# MATERIAL FOR THIS EXERCISE
--------------------

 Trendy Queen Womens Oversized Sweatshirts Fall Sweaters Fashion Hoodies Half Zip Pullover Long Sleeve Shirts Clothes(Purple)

--------------------

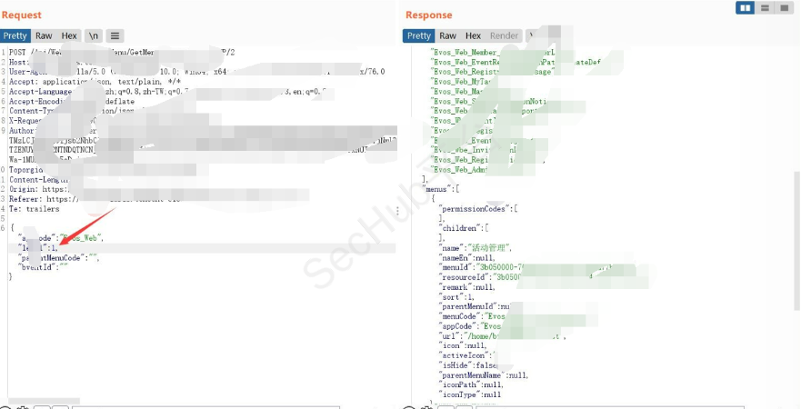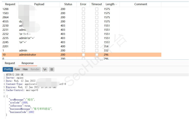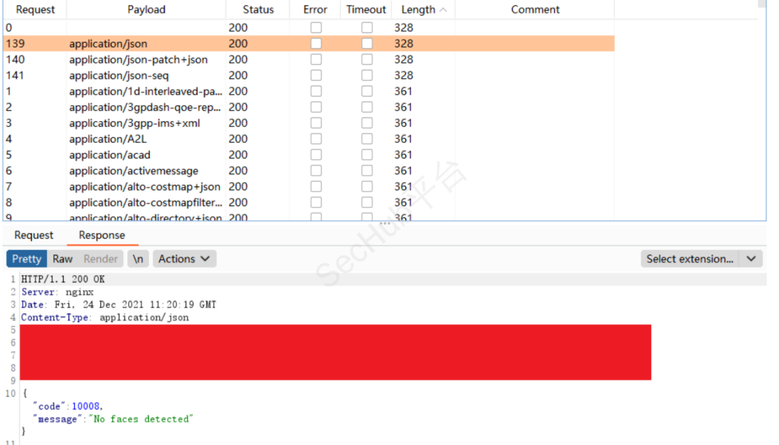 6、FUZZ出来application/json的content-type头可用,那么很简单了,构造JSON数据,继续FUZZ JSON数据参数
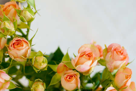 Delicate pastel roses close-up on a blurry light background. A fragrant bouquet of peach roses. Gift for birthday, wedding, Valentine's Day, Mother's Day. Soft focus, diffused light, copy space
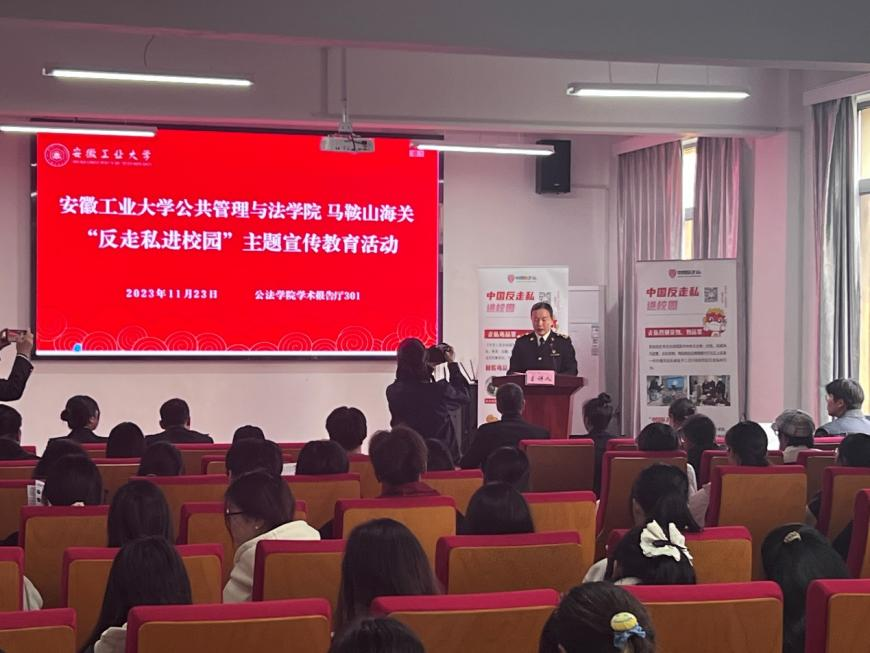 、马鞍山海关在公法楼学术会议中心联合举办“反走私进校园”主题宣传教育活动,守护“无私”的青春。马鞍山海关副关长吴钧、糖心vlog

--------------------

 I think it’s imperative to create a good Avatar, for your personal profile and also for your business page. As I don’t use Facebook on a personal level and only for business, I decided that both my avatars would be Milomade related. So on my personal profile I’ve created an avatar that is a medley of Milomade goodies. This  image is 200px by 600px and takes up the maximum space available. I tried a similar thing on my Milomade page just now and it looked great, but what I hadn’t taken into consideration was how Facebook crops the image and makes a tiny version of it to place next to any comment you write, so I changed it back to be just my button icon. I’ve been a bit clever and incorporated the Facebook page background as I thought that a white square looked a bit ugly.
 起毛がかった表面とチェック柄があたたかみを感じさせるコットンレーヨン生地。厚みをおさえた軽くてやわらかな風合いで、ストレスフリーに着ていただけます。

--------------------

# YOUR TASK
In the material above, find the line containing "I think it’s" and the line containing "起毛がかった表面とチェック柄", then write out exactly those two lines and every line between them, and nothing more.

# SOLUTION TO THE EXERCISE
 I think it’s imperative to create a good Avatar, for your personal profile and also for your business page. As I don’t use Facebook on a personal level and only for business, I decided that both my avatars would be Milomade related. So on my personal profile I’ve created an avatar that is a medley of Milomade goodies. This  image is 200px by 600px and takes up the maximum space available. I tried a similar thing on my Milomade page just now and it looked great, but what I hadn’t taken into consideration was how Facebook crops the image and makes a tiny version of it to place next to any comment you write, so I changed it back to be just my button icon. I’ve been a bit clever and incorporated the Facebook page background as I thought that a white square looked a bit ugly.
 起毛がかった表面とチェック柄があたたかみを感じさせるコットンレーヨン生地。厚みをおさえた軽くてやわらかな風合いで、ストレスフリーに着ていただけます。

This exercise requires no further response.